Die zeitliche Dimension wird bei Bäumen immer eine Rolle spielen. „Wow, ist der dick!“
„Wie alt ist der wohl?“ und „Wie kann ich das prüfen?“ sind Fragen, die immer wieder
aufkommen und nach Antworten verlangen. Beim Sägen von Baumscheiben oder beim
Betrachten von Holzpoltern finden sich Antworten.
Beim Sortieren und Umsortieren kann die Eigenaktivität tatsächlich auch zur
Selbstständigkeit werden. Autonomie, im Sinne von selbstständigen Entscheidungen der
Teilnehmenden ist erst in echten Projektansätzen möglich. Bei der Erstellung der
Baumbiografien, beginnend im Wald und beendet im Klassenzimmer, können die
Teilnehmenden sehr autonom agieren – sofern die Lehrenden dieses zulassen und dazu
anregen.
Partizipation kann sich auch darin ausdrücken, dass zielführende Ideen von Teilnehmenden
aufgegriffen und erprobt werden. Leitende sind mit einer sehr hohen Flexibilität gefordert.
Kinder können insbesondere in Projektphasen einmal Leitfunktion bekommen.

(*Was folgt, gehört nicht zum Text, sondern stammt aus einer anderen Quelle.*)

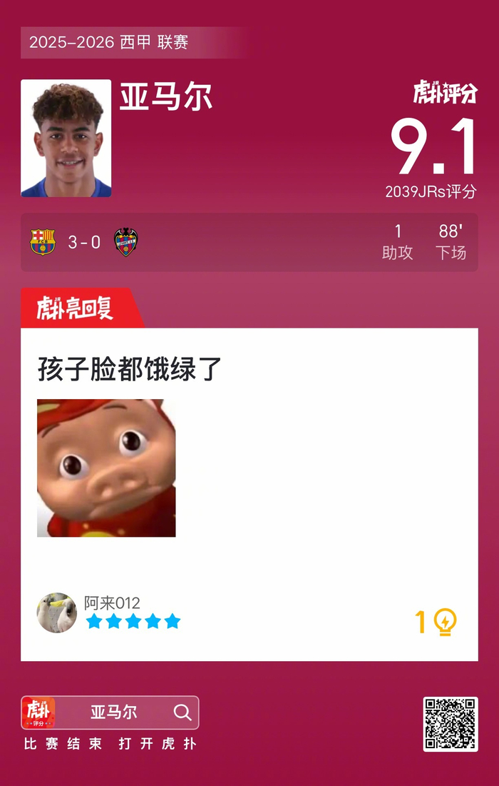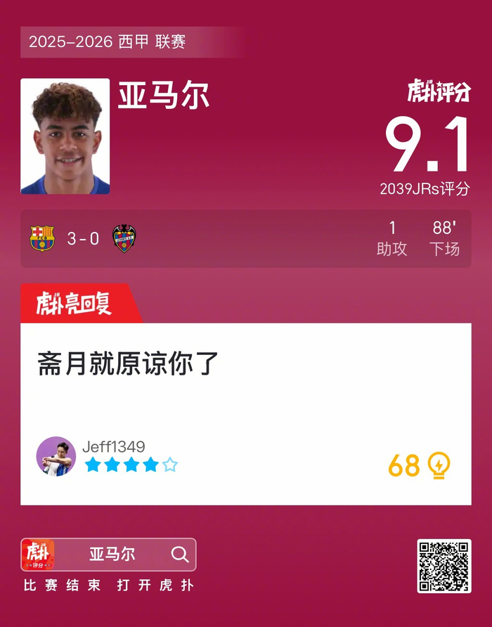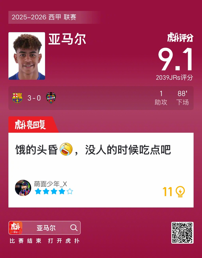 #巴萨3比0莱万特#亚马尔贡献一次助攻,这表现你们给几分?
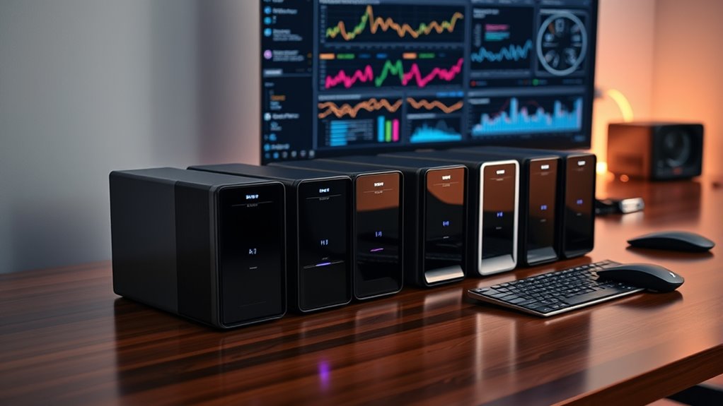Choosing a NAS device with strong expandability potential guarantees your storage can grow alongside your needs. I look for units that support additional drive bays, NVMe SSD caches, or external storage options, as these features enable seamless scalability. The maximum number of supported drives and the availability of expansion slots directly impact how much the NAS can expand in the future. I also consider scalable storage architectures like RAID configurations and drive enclosures, which provide flexible options for data management. Modular designs and hybrid storage options are particularly appealing, as they offer greater adaptability to evolving data demands. Prioritizing expandability ensures my investment remains relevant, allowing me to upgrade and add storage without replacing the entire system down the line.

Gestaltungskompetenzen werden durchaus auch gefördert. Kooperation und interdisziplinäres
Handeln sind gefragt. Verständigung und Planung ist in und zwischen den Arbeitsgruppen für
eine Ausstellung erforderlich. Leitbilder werden wohl eher nicht reflektiert und
transkulturelles Lernen wird höchstens zwischen den Teilnehmenden möglich. Einfühlsames
Handeln in Bezug auf die Natur kann sehr wohl geübt werden. Beim Sammeln von Blättern
und Früchten oder vielleicht auch beim Durchforstungsspiel (Bd. II, Kap.8.6) sind
Fachkenntnisse und Teamarbeit erforderlich.
Vorausschauend gedacht wird auch im Zusammenhang mit der Ausstellungsplanung und der
Veröffentlichung. Die ökonomische Dimension bleibt außen vor, wenn nicht eine
Vermarktung von Produkten (Herstellung eines Ausstellungsführers, Verkaufsprodukte aus
Holz usw.) Projektbestandteil wird. Ökonomische Verwertbarkeit der Bäume in der
Ausstellung zu benennen, erfüllt dieses Kriterium sicherlich noch nicht. Es ist sicherlich nahe
liegend die ökologischen und sozialen Dimensionen zu bearbeiten.